Por encima de todo esto, el coronel Nuemark impartía órdenes con voz clara y serena.
—Que el capitán de caballeros Venk, el capitán de lanceros Halmer y el capitán de pistoleros Krugholt se presenten ante mí, además del capitán de piqueros…
El resto se perdió cuando Reiner y los Corazones Negros se metieron en un torrente de hombres que salía apresuradamente por la puerta. Nadie los detuvo cuando atravesaron el fuerte. De hecho, les dejaban espacio de sobra.
—¿Aulschweig ataca ahora? —gritó Karel mientras avanzaban a toda prisa—. ¡Maldita sea!
—No seas estúpido —le dijo Reiner—. ¿No te has dado cuenta? Esa escenita era más teatral que una de las obras de intriga de Detlef Sierck.
—¿Teatral? —preguntó Karel—. ¿Qué queréis decir?
—Es un truco —explicó Franka, que respondió antes de que pudiera hacerlo Reiner—. No existe ese ataque desde Aulschweig.
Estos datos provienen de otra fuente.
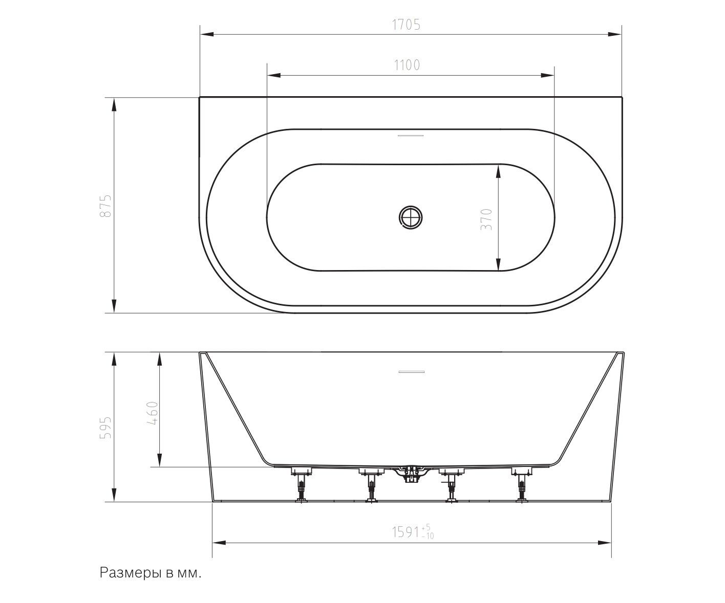 Оснащение: ванна, слив-перелив, донный клапан, гидрозатвор, каркас, коробка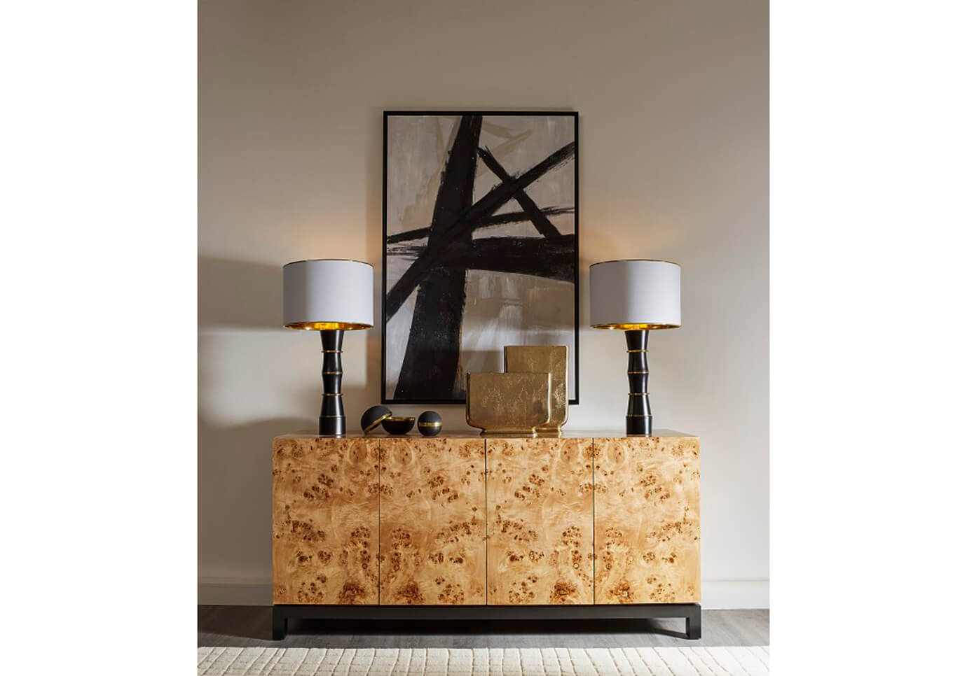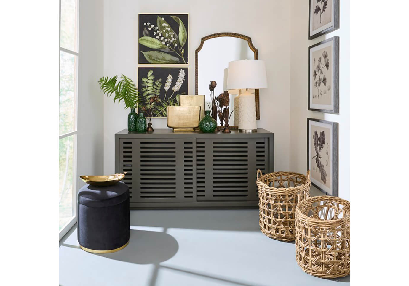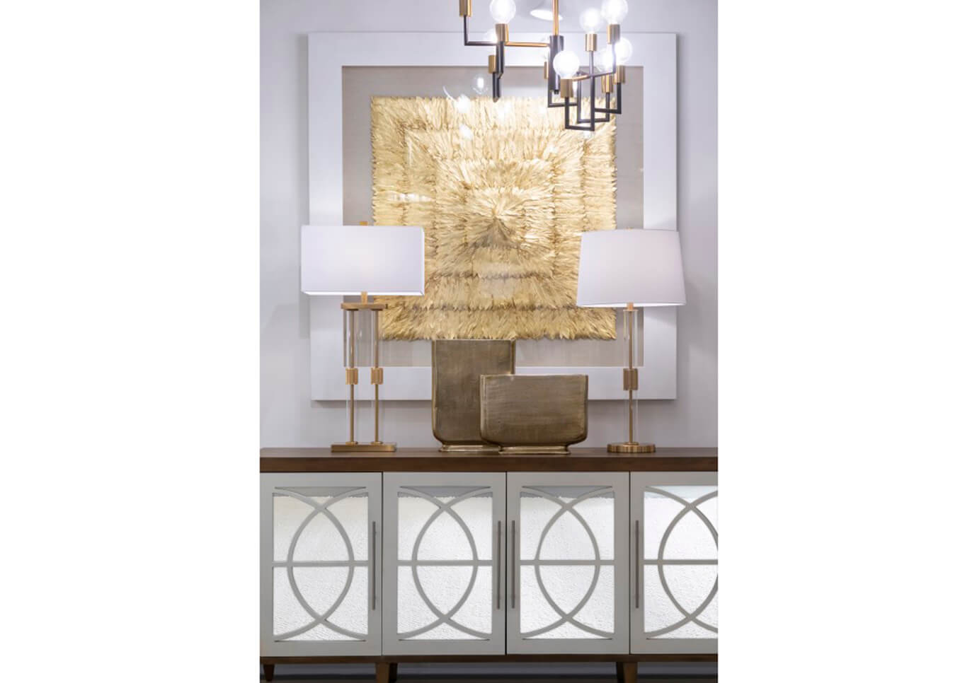 Florero alto y estrecho de aluminio con un acabado de latón texturizado. La forma se curva suavemente desde la base hacia una amplia boca rectangular. Este jarrón metálico es perfecto en una habitación de estilo tradicional actualizada.

Shaeder sólo finge que lo hay para desviar la atención del fuerte hacia el sur mientras los hombres rata atacan por el norte.
—Y envía fuera a la mitad de la guarnición para ponérselo todavía más fácil —dijo Gert—. Para cuando las fuerzas de Nuemark regresen de perseguir quimeras se encontrarán fuera, con la puerta cerrada y a merced de nuestros cañones en manos de los hombres rata.
Reiner les hizo un gesto, y todos salieron de la corriente de hombres y se metieron en un estrecho pasillo que quedaba entre dos tiendas de caballería.
—Pero…, pero no puede ser —insistió Karel, mientras recobraba el aliento—. El hombre que ha dado la alarma es un lancero. Los lanceros le son leales a Gutzmann.
—Lamento ser yo quien te dé la noticia, muchacho —dijo Reiner—, pero incluso un hombre de la caballería puede ser comprado. —Suspiró y se recostó contra la muralla—. Muchachos, tengo la sensación de que ya no nos queda nada que hacer aquí. Si Shaeder hace su jugada, Gutzmann tiene que estar muerto. Creo que lo mejor que podemos hacer es marcharnos a casa e informar a Manfred de la traición del comandante.
—¿Y dejar el fuerte a merced de los hombres rata? —preguntó Karel, horrorizado.
—¿Qué quieres que hagamos, muchacho? —preguntó Reiner—. Nosotros nueve no podemos detener a un ejército de monstruos, y ya hemos intentado poner sobre aviso a la oficialidad. Dos veces. —Miró a los demás—. Estoy, por supuesto, abierto a las sugerencias.
Los Corazones Negros parecían descontentos, pero no dijeron nada.
—Bien, entonces. —Reiner se apartó de la muralla—. Nos marchamos. Primero quiero volver a la mina para asegurarme de que Gutzmann haya muerto. Luego nos dirigiremos al norte.
Los otros asintieron con la cabeza, malhumorados. Franka lanzó una mirada penetrante a Reiner.